Data such as this can help an insurance company with their financial planning. Knowing an upper quantile, such as the 0.8-quantile, would give a sense of the damage caused by the “worst” hurricanes.

Consider the following sale prices of houses:

house <- read_csv("data/house.csv")

## Rows: 1460 Columns: 81

## ── Column specification ────────────────────────────────────────────────────────
## Delimiter: ","
## chr (43): MSZoning, Street, Alley, LotShape, LandContour, Utilities, LotConf...
## dbl (38): Id, MSSubClass, LotFrontage, LotArea, OverallQual, OverallCond, Ye...

## 
## ℹ Use `spec()` to retrieve the full column specification for this data.
## ℹ Specify the column types or set `show_col_types = FALSE` to quiet this message.

house_hist <- ggplot(house, aes(SalePrice)) + 
        geom_histogram(aes(y = ..density..), alpha = 0.75) +
        theme_bw() +
    labs(x = "Price", y = "Density") +
    scale_x_continuous(labels = scales::dollar_format())
cowplot::plot_grid(
    house_hist,
    house_hist + scale_x_log10(labels = scales::dollar_format())
)

## Scale for 'x' is already present. Adding another scale for 'x', which will
## replace the existing scale.

## `stat_bin()` using `bins = 30`. Pick better value with `binwidth`.
## `stat_bin()` using `bins = 30`. Pick better value with `binwidth`.

6.4.1.1 Step 1: Make a distributional assumption

This step requires choosing a family to approximate the data distribution (you can find several families defined in the previous chapter). Here are two general guidelines that may help you choose a distribution family.

Visually match the variable characteristics and shape of the data distribution to a distribution family.
If possible, think about the process that “generated” the data, and match that process to the data-generating process defining a family.

Always keep in mind that there is almost never a “correct” choice! Remember, we are making an approximation here, not seeking a “true” distribution family.

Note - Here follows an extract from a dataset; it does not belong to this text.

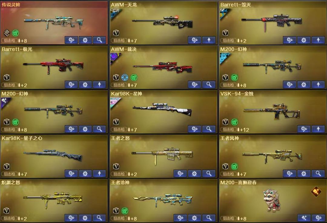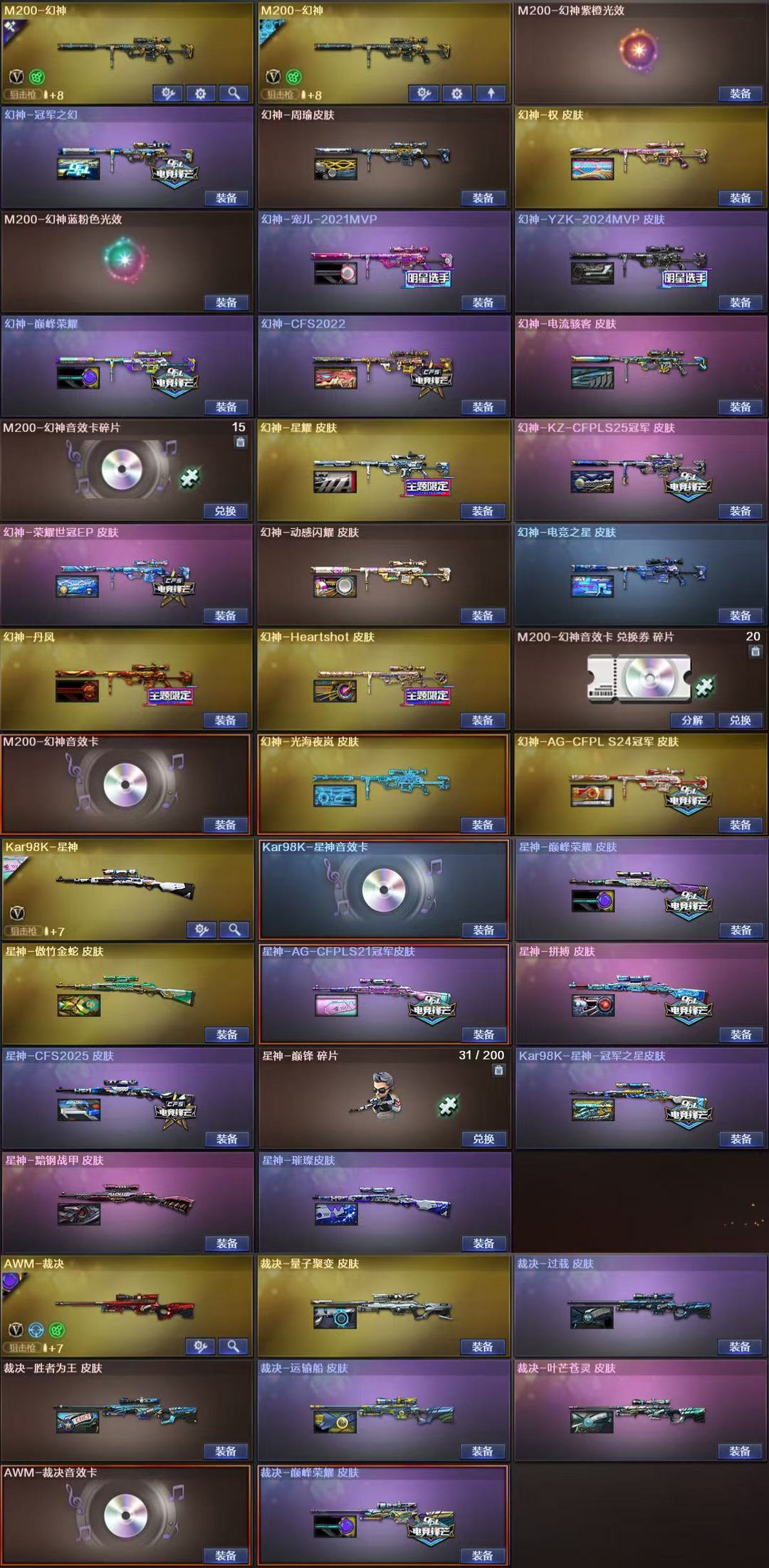 本游戏账号:英雄武器163个; 王者武器10个。 装备不多,但是主武器、副武器、近身武器够用 拥有完美游戏体验。重要的是,特殊装备有:Kar98K-星神、高爆手雷-竞技荣光、烟雾弹-竞技荣光、闪光弹-竞技荣光、QBZ03-金色蔷薇、Barrett-毁灭、M200-幻神、沙鹰-幻兽、M4A1-雷神、M4A1-黑骑士、AK47-火麒麟、COP 357-雷霆王者-觉醒版、高爆手雷-雷霆王者、炫金武士、炫金毁灭、关小雨、潘多拉、堕天使、王者-瞳-闭月羞花、王者炽天使、M4A1-黑骑士音效卡、M200-幻神音效卡、生化弹匣、Barrett-毁灭音效卡、等,随意畅选。

Example 1. In the hurricane damages example, the data variable is a positive continuous variable, and has a histogram that appears to decay starting from a damage of zero. The selected distribution should accomodate this – Weibull, Gamma, or GPD can all accomodate this. But the family should allow for heavy-tailed distributions to accomodate the two large data values that we see in the histogram, leaving a GPD as a good candidate. As for the way the data are “generated”, the data are inherently recorded because they are extreme, and this matches the way that a GPD is derived.

Example 2. In the house prices example, the family should also accomodate a positive continuous random variable, should be unimodal with two tails, and be skewed to the right. A Weibull or lognormal distribution so far seem like good candidates. Since the log of house prices looks like a Gaussian distribution, we choose a lognormal distribution, since this is how the lognormal family is defined.

6.4.1.2 Step 2: Estimate

So far, we’ve selected a family of distributions. Now, in this step, we need to select the distribution from this family that best matches the data. This step is the namesake of MLE.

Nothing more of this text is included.